Tal vez el caso más memorable sea el de la relación entre Henry Slade y Zöllner. ¿Y no se dedicó Newton al estudio de la alquimia? Slade y Zöllner por lo menos se dedicaban a algo más serio: la cuarta dimensión. Y es la cuarta dimensión lo que he vuelto a encontrar esta semana mientras traducía “Reflections on the Death of a Porcupine”, de D. H. Lawrence. Ya sabía que eso de la cuarta dimensión había calado en el siglo XX: al último que se lo había oído mencionar fue a Duchamp, pero en esta ocasión, como todo que tiene que ver con Duchamp, la cosa era bastante más racional de lo que alguno pensaría: la cuarta dimensión tenía que ver más con Einstein y Poincaré que con el fantasma de Canterbury. Pero todavía en el primer tercio del siglo pasado la cuestión de la cuarta dimensión estaba de moda. En una entrevista concedida en 1946, Duchamp, hablando de la época de los ismos, dice: “There were discussions at the time of the fourth dimensión and of non-Euclidean geometry. But most views of it were amateurish” (SANOUILLET, Michel & PETERSON, Elmer (ed.). The Writtings of Marcel Duchamp. New York: Da Capo Press, p. 126).


En 1925, D. H. Lawrence publicó Reflections on the Death of a Porcupine and other Essays. Es en el ensayo que da título al volumen donde más insiste en la cuarta dimensión. Al enunciar la tercera de las inexorables leyes de la vida, escribe: “That is to say, the ultimate source of all vitality is in that other dimension, or region, where the dandelion blooms, and which men have called heaven, and which now them the fourth dimension: which is only a way of saying that it is not to be reckoned in terms of space and time” (LAWRENCE, ob. cit., p. 210).
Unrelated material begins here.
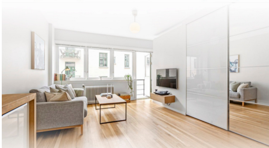
Auszeichnungen Cityhouse Immobilien

En el ensayo “Him with his Tail in his Mouth”, afirma que “Creation is a fourth dimension, and in it there are all sorts of things, gods and what-not” (p. 135); “In the fourth dimension, in the creative world, we live in a pluralistic universe, full of gods and strange gods and unknown gods” (p. 137).
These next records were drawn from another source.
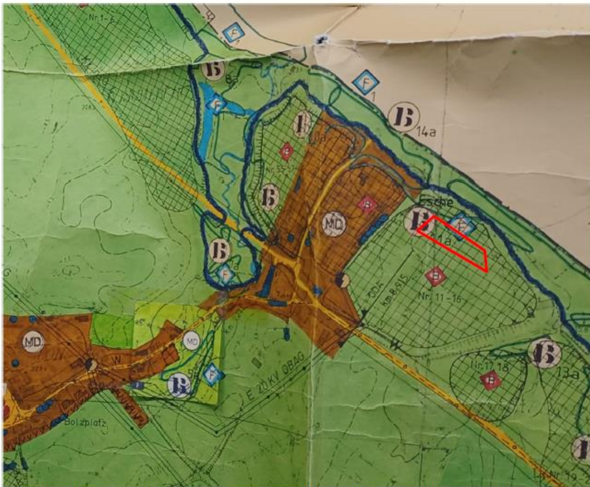
Flächennutzungsplan Gemeinde Stephansposching (nicht maßstäblich), Geltungsbereich (rot)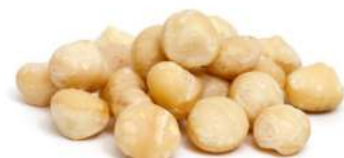
מקדמיה 11.35 ק"ג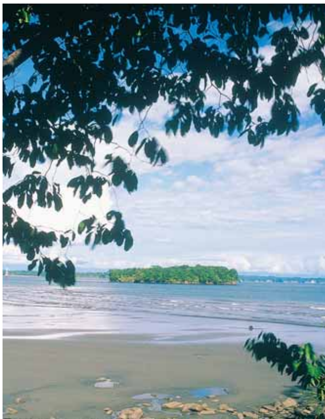
Juanchaco - Buenaventura

Informes Muelle Turístico (2) 241 9120, CVC Buenaventura (2) 242 3862.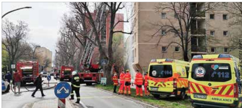
Egy társasház nyolcadik emeleti lakása égett Székesfehérváron, a Lövölde utcában

Kedden kigyulladt egy lakás a Lövölde úton. A tűzoltók nagy erővel, egy magasból mentő létrával, három fecskendővel vonultak a helyszínre. Kívülről és bentől egyaránt küzdöttek a lángokkal, és közben arra is figyeltek, hogy senki ne legyen az épületben.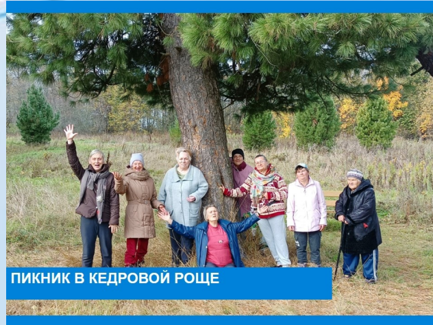
ПИКНИК В КЕДРОВОЙ РОЩЕ

Me ha costado leer a Lawrence. No estoy acostumbrado a estos galimatías, a esta mezcla de cultura libresca, ocurrencias propias, cínico (y lúcido) sentido común y extravagancias pseudomísticas y pseudointelectuales. Lawrence igual se aferra a Nietzsche (al que todavía no se le tenía ningún respeto): “This we know, now, for good and all: that which is good, and moral, is that which brings into us a stronger, deeper flow of life and life-energy: evil is that which impairs the life-flow” (p. 130); que demuestra no solo no entender a Nietzsche, sino ser, además, la antítesis de la probidad intelectual que Nietzsche no se cansó de defender, como se puede comprobar en las dos primeras páginas del ensayo “Blessed are the Powerful”.
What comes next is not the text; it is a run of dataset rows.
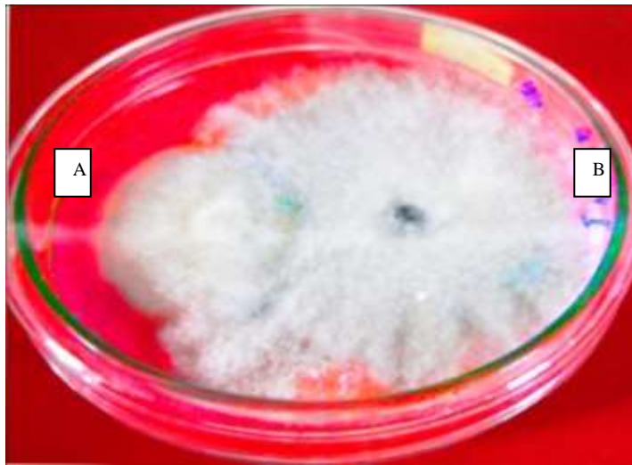
Gambar 1. Uji penghambatan langsung, cendawan endofit tidak mempunyai efek antibiosis. A ( C. acutatum ), dan B (cendawan endofit).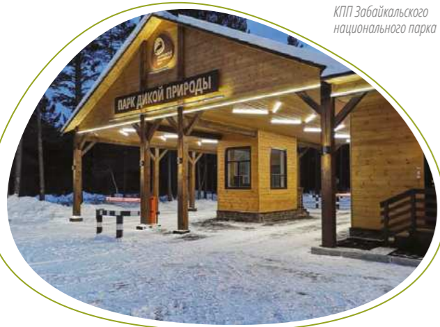
КПП Забайкальского национального парка

Большинство посетителей Забайкальского национального парка стремятся посетить одно из интересных и заманчивых мест – Святой Нос, единственный полуостров на Байкале, и покорить его вершину. Предлагаем Вам совершить путешествие по этому познавательному маршруту и познакомиться с его достопримечательностями на страницах нашего буклета. И, кто знает, возможно, следующим нашим гостем станете именно вы!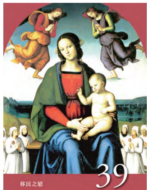
▲〈聖母德敘禱文〉之39：移民之慰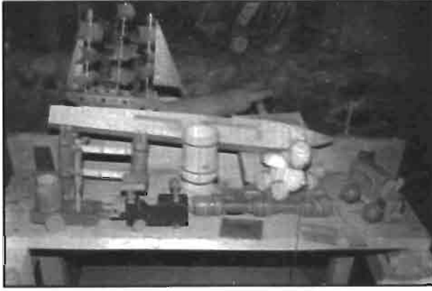
Resim 7: Atölyede üretile oyuncak ve süs eşyaları.

Entiendo mejor a Heidegger que las explicaciones de Lawrence sobre la existencia, el ser y sus relaciones. No entiendo casi nada de este libro porque sólo veo una lógica: aquella antifilosófica actitud que hace precisamente del quod nihil scitur el fundamento de un conocimiento. Así es como se habla de la existencia de algo “desconocido” en lugar de confesar la propia ignorancia y la propia incapacidad de pensar. La “lógica” sería la siguiente: “No sé, luego lo desconocido existe”. Y una vez que se “establece” la existencia (¿o era el ser?) de esto “desconocido” (¿o era la cuarta dimensión?), ya es posible cualquier desbarre.


[La ilusión de Zöllner. No sólo Zöllner tenía ilusiones, sino que además cuando miro durante mucho rato esta imagen entro en la cuarta dimensión del sueño]

Miedo me da pensar, ahora que está de moda la Física y ya vamos por las once dimensiones, las combinaciones que se pueden estar haciendo con el Espíritu Santo y la ley de la gravedad. Quiero imaginar que Lawrence tenía mucha pena por no ser hispanohablante, porque “puercoespín”, si se fijan, contiene en sí mismo un “spin”: de ahí a “reflexionar” sobre la duodécima dimensión, sólo hay un erizo.